家賃保証は安心?サブリースの仕組みとは?

(イー・ローン)

Q. 相続で土地を取得しました。 その土地を有効活用するために賃貸住宅を建てようと考えています。 賃貸住宅の経営にはサブリースという方法があると聞きました。 サブリースとはどのような仕組みなのでしょうか?(M・Fさん/52歳/会社員/埼玉県)
A. 賃貸経営は不動産業者に仲介してもらうにしても、入居者募集や家賃回収、退去後の対応など、オーナー自身がすべてをやろうとすると大変です。 サブリースはそんなオーナーの手間を省いてくれた上、家賃保証もある経営方法です。 その仕組みやメリット、注意点を知っておきましょう。

サブリースは夢の不労所得源?

賃貸住宅経営にはすべてをオーナー自身が行う以外に、一部の業務を外部に委託する方法があります。 管理料を支払い管理業務(入居者管理や家賃回収など)を委託する、保証料を支払い家賃滞納や空室が発生したときに保証してもらうなどです。

これらに対してサブリースは、サブリース会社に賃貸物件を一括借り上げしてもらい、家賃から管理費や保証料などの経費を除いた賃料(家賃)をオーナーが受け取る仕組みです。 入居者との賃貸契約はサブリース会社が行うので、敷金・礼金・更新料など家賃以外の収入はサブリース会社が受け取ります。

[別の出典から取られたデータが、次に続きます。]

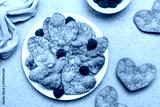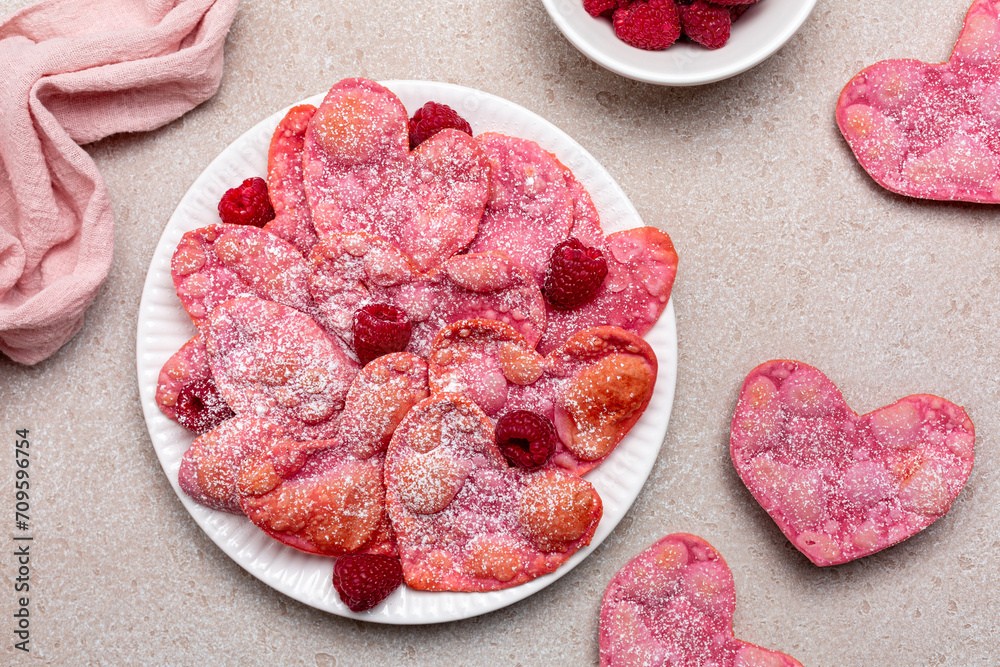 Top view of Heart shaped pink sweet cookies, fried angel wings, coloured with beetroot, powdered with sugar. Romantic breakfast with raspberries, beige background.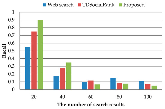Figure 5 shows the recall results for the proposed method and the existing methods. Similar to the case of precision, the regular web search method exhibited the worst recall performance. TDSocialRank exhibited better performance than the regular web search but was outperformed by the proposed method because it provided results that the user does not want. The proposed method provides only the search results that the user wants because it considers the user’s recent preferences and the characteristics of users with similar preferences. Because the proposed method provides results considering the preferences of similar users, the performance declined when the number of search results increased. Nevertheless, it exhibited a performance improvement of up to 27% compared with TDSocialRank.

オーナーのメリットは、賃貸経営に関わる業務を省くことができる、入居者トラブルに巻き込まれることがない、空室リスクや家賃滞納リスクがなく安定的な家賃収入が得られることです。 家賃収入がローンを上回った分は生活費や貯蓄に回せる、ローン返済が終われば家賃収入をすべて手にできる、という夢の不労所得源といえるかもしれません。

そのような背景から東京都内で展開する女性専用シェアハウス「かぼちゃの馬車」に投資する人が多かったのでしょう。 しかし、このシェアハウスを販売していた会社が投資家に対するサブリースの家賃支払いを停止、その後倒産しました。 投資家が借りた不動産担保ローンが問題になっています。この事例からサブリースの注意点が見えてきます。

家賃保証はスタート時の金額がずっと続くわけではない!

最長30年などの長期にわたって家賃保証をうたうサブリース会社があります。 「かぼちゃの馬車」の運営会社も「安定の30年保証」をうたっていました。 しかし2~5年程度で契約更新になるか、定期的な家賃改定を定めていることがほとんどで、スタート時の金額がずっと保証されることはまずありません。 2年毎の更新時には家賃が少しずつ下がっていくと考えていた方がいいでしょう。

よってサブリースとする物件を建てるために不動産担保ローンを借りる場合、家賃がある程度まで下がっても返済に支障がないように計画することが重要です。 頭金を多くする、受け取る家賃と返済額の差額(つまり、利益)は貯めておき、早めに繰り上げ返済するのもいいでしょう。

なおサブリース会社が保証する家賃は、周辺相場から求める実勢家賃をもとに決められます。オーナーがこのことを知らないと、サブリース会社が提案する低めの家賃保証で契約してしまうかもしれません。 契約前に実勢家賃を調べておくとともに、サブリース会社から賃貸事業計画書を作成してもらい検討しましょう。

最近は賃貸物件の建築とサブリースを一体で営業する企業が多いようなので、1社だけの提案を鵜呑みにせず、複数社から建築費の見積もりとサブリースの条件を提示してもらい比較してみるのもいいでしょう。